CPI: Les avocats de Yekatom Rombhot demandent à la CPI de se dessaisir du dossier en faveur de la CPS©RNL/Inès Laure N'GOPOT
Me Mylène Dimitri accordant l'interview à la presse centrafricaine présente à la Haye lors du procès de confirmation des charges contre Yekatom et Ngaïssona, septembre 2019

CPI: Les avocats de Yekatom Rombhot demandent à la CPI de se dessaisir du dossier en faveur de la CPS

Dans une nouvelle requête adressée le 17 mars 2020 à la Cour Pénale Internationale, les avocats  de Alfred Rombhot Yekatom demandent à la Cour de déclarer irrecevable l’affaire et de remettre le dossier à la Cour Pénale Spéciale (CPS) en Centrafrique.

Cette nouvelle demande intervient deux semaines après une première requête adressée le 03 mars 2020 dans laquelle la défense de Alfred Rombhot Yekatom a exigé de la CPI sa remise en liberté provisoire. Dans cette nouvelle requête, les conseils de M. Yékatom demandent à la Cour Pénale Internationale conformément à l’article 19 paragraphe 2 (a) du Statut de Rome, de déclarer que l’affaire contre M. Yekatom est irrecevable, au motif que les autorités centrafricaines sont désormais capables de le poursuivre devant les juridictions nationales, principalement la CPS déjà opérationnelle.

« Il s’agit d’une requête très importante sinon la plus importante » a justifié Me Mylène Dimitri, conseil principal de Alfred Rombhot Yekatom précisant que « aujourd’hui en 2020, la CPS est active, des personnes sont même détenues au nom de la CPS. L’objectif ultime de la requête, c’est de faire déclarer le dossier de M. Yekatom irrecevable devant la CPI afin de le faire transférer en Centrafrique pour qu’il soit jugé devant la CPS qui siège à Bangui ».

Toujours dans les arguments avancés par la défense de M. Yekatom, les autorités centrafricaines devraient avoir la possibilité d’ouvrir une enquête et d’intensifier des poursuites.

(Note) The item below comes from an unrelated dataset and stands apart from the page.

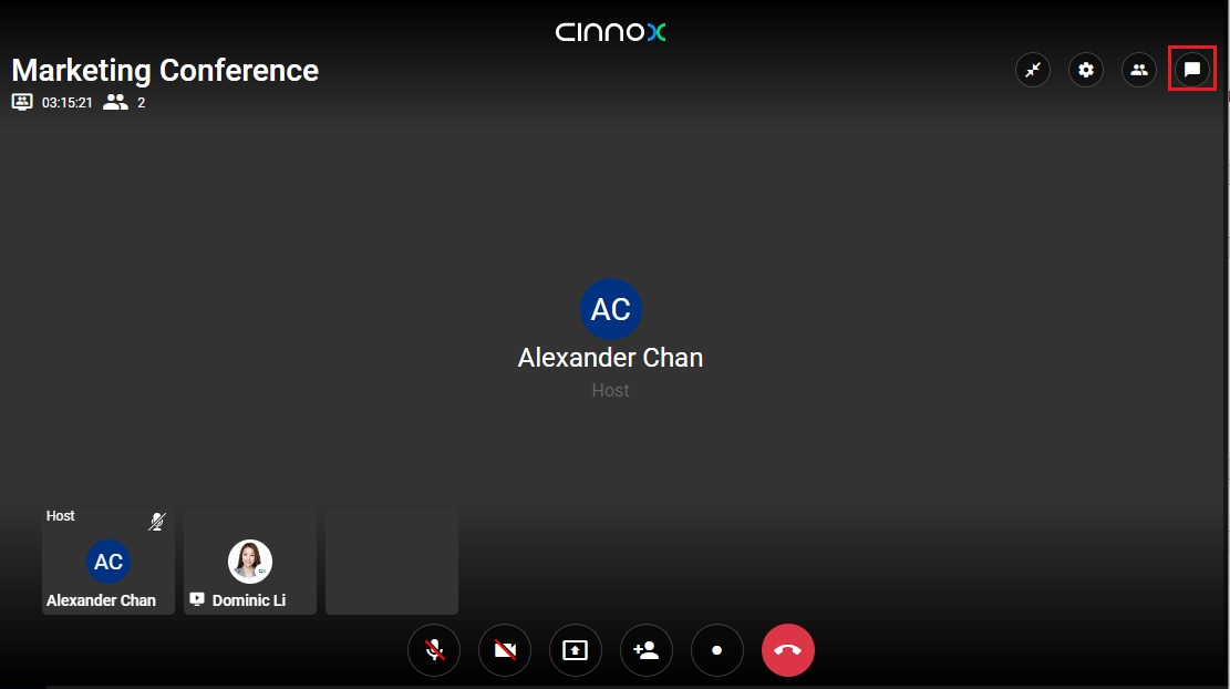 To send a message or share a media file with all participants, click the Chat icon at the top right corner of the conference call window.

La défense demande aussi à la CPI de donner corps au principe de complémentarité tout en promouvant la CPS et démontrer que la CPI peut être une alliée et non une concurrente des systèmes judiciaires nationaux. « La CPI est une cour de dernier ressort. L’idée c’est de donner préférence aux tribunaux nationaux. Si le président Touadera a confiance en la justice centrafricaine et puisqu’il a indiqué récemment que la CPS a les moyens d’atteindre ses objectifs, alors les autorités centrafricaines, le gouvernement centrafricain, le président Touadera ne devraient pas s’objecter au transfert de M. Yekatom devant la CPS » a soutenu Me Mylène Dimitri.

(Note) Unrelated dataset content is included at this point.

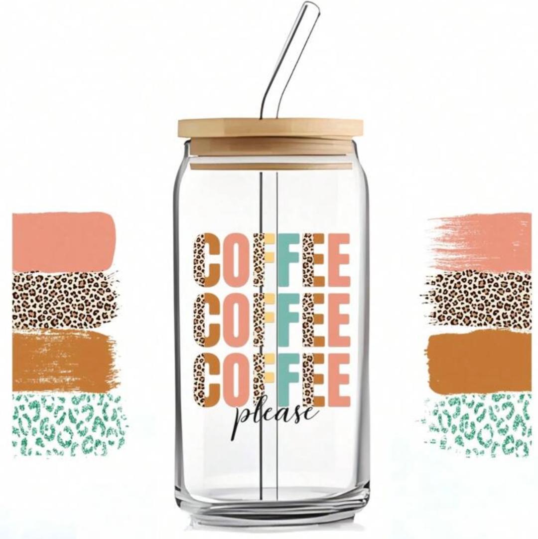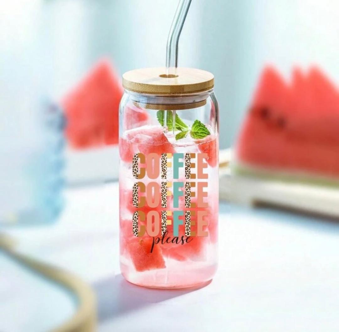 Coffee Design on a 480ml glass cup can with bamboo lid and straw

La démarche de la défense de Alfred Rombhot Yekatom vise à « obtenir une ordonnance de la CPI invitant les autorités centrafricaines à indiquer si elles seraient disposées et en mesure de mener une enquête et des poursuites si elles en avaient la possibilité; ensuite encourager le bureau du procureur de la CPI à communiquer les fruits de son enquête contre M. Yekatom à la CPS afin qu’elle prenne le relais rapidement, » a développé Mme Dimitri précisant que l’objectif ultime est « d’obtenir une ordonnance de transfert de M. Yekatom aux autorités centrafricaines afin qu’il soit jugé devant son peuple, parce que l’accusé souhaite être jugé devant la CPS qui est un tribunal composé entre autre de juges qui parlent sa langue, comprennent sa culture et connaissent le contexte dans lequel les événements se sont produits. »

A Bangui, la CPS dit n’avoir pas encore d’information sur une pareille démarche. « La CPS de la République Centrafricaine n’est pas au courant officiellement de ce type de démarche, mais nous monitorons tout ce qui se passe au niveau de la justice internationale », a précisé Théophile Momokoama, Porte-parole de la CPS.

Le 16 mars 2020, la Présidence de la CPI a constitué la Chambre de première instance V, qui sera en charge de l’affaire « Le Procureur c. Alfred Yekatom et Patrice-Edouard Ngaïssona ». Cette Chambre est composée des juges Bertram Schmitt, Péter Kovács et Chang-ho Chung.

Alfred Rombhot Yekatom, ancien chef de la milice anti-balaka et député de Mbaïki 2 a été arrêté le 29 octobre 2018 en marge d’un incident survenu dans l’hémicycle de l’Assemblée Nationale lors du vote du nouveau président du parlement. Il a été remis à la Cour Pénale Internationale le 17 novembre 2018 sur demande de la cour qui l’accuse d’avoir commis des crimes de guerre et des crimes contre l’humanité en 2013 et 2014 en République Centrafricaine.